» **Problem to work on**
The answer is to contain only the line containing "BANDEJA ALUMINIOX2 RECT.C/TAPA" and the lines after it through the last one, each reproduced exactly as it appears below.

================================

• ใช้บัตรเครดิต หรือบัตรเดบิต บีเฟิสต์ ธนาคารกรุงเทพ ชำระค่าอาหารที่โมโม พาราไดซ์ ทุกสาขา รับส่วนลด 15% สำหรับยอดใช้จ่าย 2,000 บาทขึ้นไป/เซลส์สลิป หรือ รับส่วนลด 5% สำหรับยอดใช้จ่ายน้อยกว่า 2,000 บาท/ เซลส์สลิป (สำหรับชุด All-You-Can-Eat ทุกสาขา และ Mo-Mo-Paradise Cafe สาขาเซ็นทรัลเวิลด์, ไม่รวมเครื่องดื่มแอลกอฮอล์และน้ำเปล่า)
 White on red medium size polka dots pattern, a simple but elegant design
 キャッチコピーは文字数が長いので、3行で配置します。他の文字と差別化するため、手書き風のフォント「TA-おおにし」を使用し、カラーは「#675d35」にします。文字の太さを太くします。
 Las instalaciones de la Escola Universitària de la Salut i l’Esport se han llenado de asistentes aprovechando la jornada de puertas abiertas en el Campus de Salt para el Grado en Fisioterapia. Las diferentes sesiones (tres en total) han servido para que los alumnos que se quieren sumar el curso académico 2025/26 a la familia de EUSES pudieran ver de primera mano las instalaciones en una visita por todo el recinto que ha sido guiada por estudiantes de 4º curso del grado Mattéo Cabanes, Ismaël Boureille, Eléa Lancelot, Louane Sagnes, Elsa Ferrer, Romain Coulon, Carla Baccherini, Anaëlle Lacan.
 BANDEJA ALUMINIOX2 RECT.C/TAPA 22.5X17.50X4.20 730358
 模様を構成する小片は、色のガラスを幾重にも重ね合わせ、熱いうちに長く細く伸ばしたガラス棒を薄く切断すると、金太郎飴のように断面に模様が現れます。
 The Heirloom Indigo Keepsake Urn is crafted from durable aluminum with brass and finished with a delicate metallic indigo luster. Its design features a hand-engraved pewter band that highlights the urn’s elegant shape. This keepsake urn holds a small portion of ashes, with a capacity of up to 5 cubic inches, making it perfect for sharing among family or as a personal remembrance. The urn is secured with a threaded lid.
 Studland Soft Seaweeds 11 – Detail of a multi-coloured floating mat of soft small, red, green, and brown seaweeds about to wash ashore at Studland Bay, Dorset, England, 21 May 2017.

================================

» **Your response**
 BANDEJA ALUMINIOX2 RECT.C/TAPA 22.5X17.50X4.20 730358
 模様を構成する小片は、色のガラスを幾重にも重ね合わせ、熱いうちに長く細く伸ばしたガラス棒を薄く切断すると、金太郎飴のように断面に模様が現れます。
 The Heirloom Indigo Keepsake Urn is crafted from durable aluminum with brass and finished with a delicate metallic indigo luster. Its design features a hand-engraved pewter band that highlights the urn’s elegant shape. This keepsake urn holds a small portion of ashes, with a capacity of up to 5 cubic inches, making it perfect for sharing among family or as a personal remembrance. The urn is secured with a threaded lid.
 Studland Soft Seaweeds 11 – Detail of a multi-coloured floating mat of soft small, red, green, and brown seaweeds about to wash ashore at Studland Bay, Dorset, England, 21 May 2017.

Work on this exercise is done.